OK, it’s not the zingiest title in the Hogwarts world… 😉
Google recently claimed (a claim disputed by others, including IBM) to have achieved ‘quantum supremacy’. This is a term, popularised by John Preskill, for the ability of a quantum computer to solve a computing problem that would be impossible for a conventional computer within its lifetime.
Google claimed that their ‘Sycamore’ quantum computer, with 54 ‘qubits’ (quantum bits) solved a problem in 3 minutes 20 seconds that would take a conventional computer 10,000 years.
The details are contested, but a working quantum computer (IBM also has one, which for some reason has 53 qubits) is a huge step forward.
Conventional computers use bits that can take values represented by 0 or 1. Like Schrodinger’s Cat, though, a qubit doesn’t have to choose until it’s ‘observed’. It allows quantum computers to ‘explore a problem space’ more efficiently. (This is a very lay explanation of quantum computing in a paragraph that has everyone who actually knows anything about it cringing!)
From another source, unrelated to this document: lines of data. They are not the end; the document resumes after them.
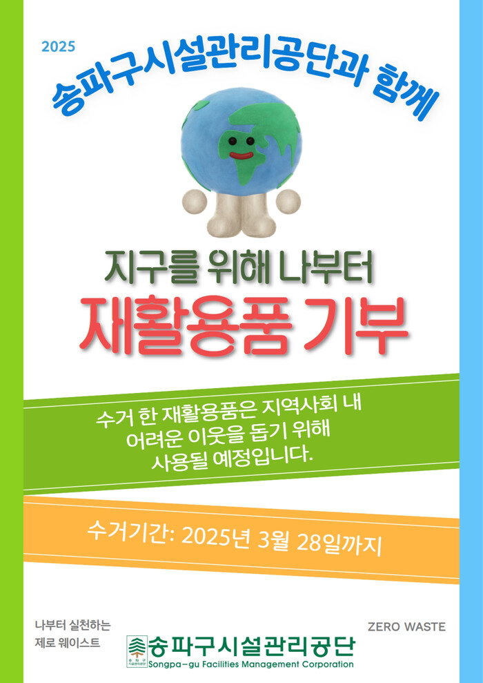 [시민일보 = 이대우 기자] 송파구시설관리공단(이사장 황대성, 이하 "공단")은 ESG경영 실천의 일환으로 지역주민과 함께하는 사회적 나눔 활동인 "재활용품 기부 캠페인"을 추진할 예정이라고 10일 밝혔다.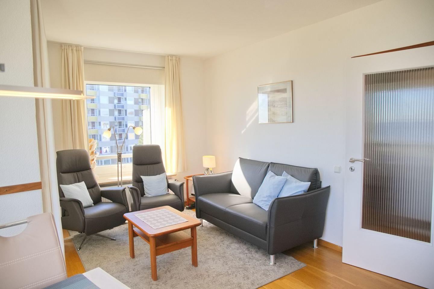 Das Wohnzimmer besticht mit dem herrlichen Panoramablick und bietet Ihnen zwei Ledersessel und eine Couch. Ein Flach TV und ein Radio mit CD Player stehen zur Unterhaltung bereit. Der Essbereich steht direkt vor der Fensterfront und bietet ausreichend Platz.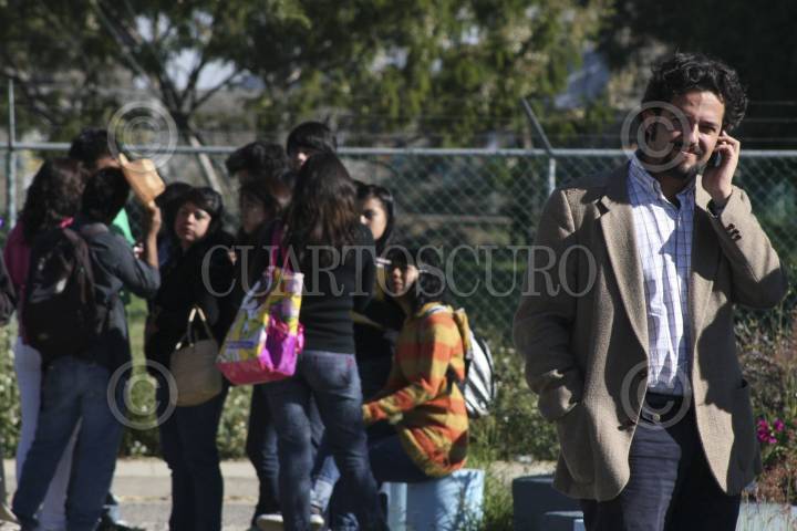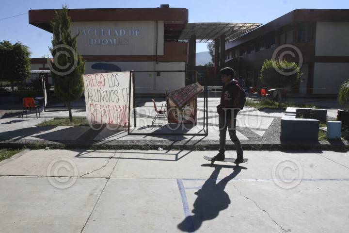 OAXACA, OAXACA, 25OCTUBRE2012.- Alumnos e integrantes del Consejo Técnico de la Facultad de Idiomas tomaron las instalaciones de esta escuela perteneciente a la Universidad Autónoma Benito Juárez de Oaxaca (UABJO) para exigir la cancelación del proceso de renovación del consejo así como la salida de Diego González Algara, director de la facultad y a su vez el reconocimiento de Rufino Vásquez Manuel. En la gráfica González Algara observa la toma de la escuela. FOTO: ARTURO PÉREZ ALFONSO /CUARTOSCURO.COM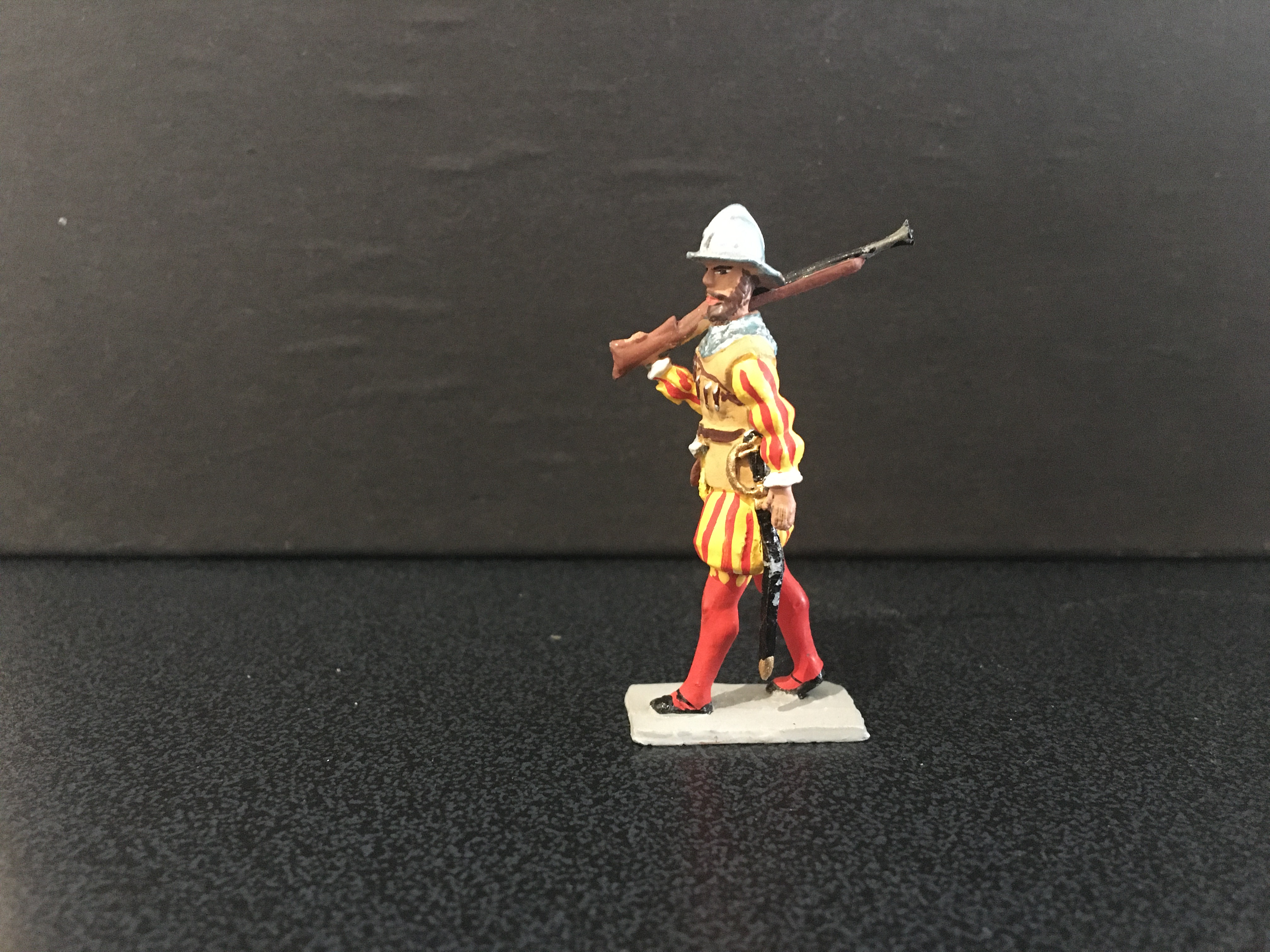 This is the first post showing the work of Sanquez; a Spanish toy soldier maker. These figures were probably made from the 1950’s to 1980’s, I’m not absolutely sure. Sanquez made other earlier figures in other scales but I don’t know much about them. I’m drawn to this range by the subject; a Spanish renaissance army, the distinctive style of sculpture, and the breadth of the range. Over the last 20 or so years I’ve collected a good representation, but there are still many figures I haven’t managed to find, amongst which is a magnificent ox-drawn siege gun, although I do have a few of the figures that accompanied it.

Dr Stuart Russell has recently published a book called ‘Human Compatible: Artificial Intelligence and the Problem of Control’. The book is well worth reading, but the Probably Science podcast interviewed him a week or so ago, and that’s how I learned about the book and his arguments.
I tend to be an optimist in these kinds of issues, but Dr Russell poses a simple but hard question: “So, you’re spending hundreds of millions of dollars a year to create entities much smarter than you. How do you plan to keep control of the world once you succeed?”
He has some great examples of the unintended consequences of even the dumb AI we currently have – helping corporations make profits while making society worse – but the extra ‘horsepower’ offered by quantum computing just makes his key question a lot more urgent.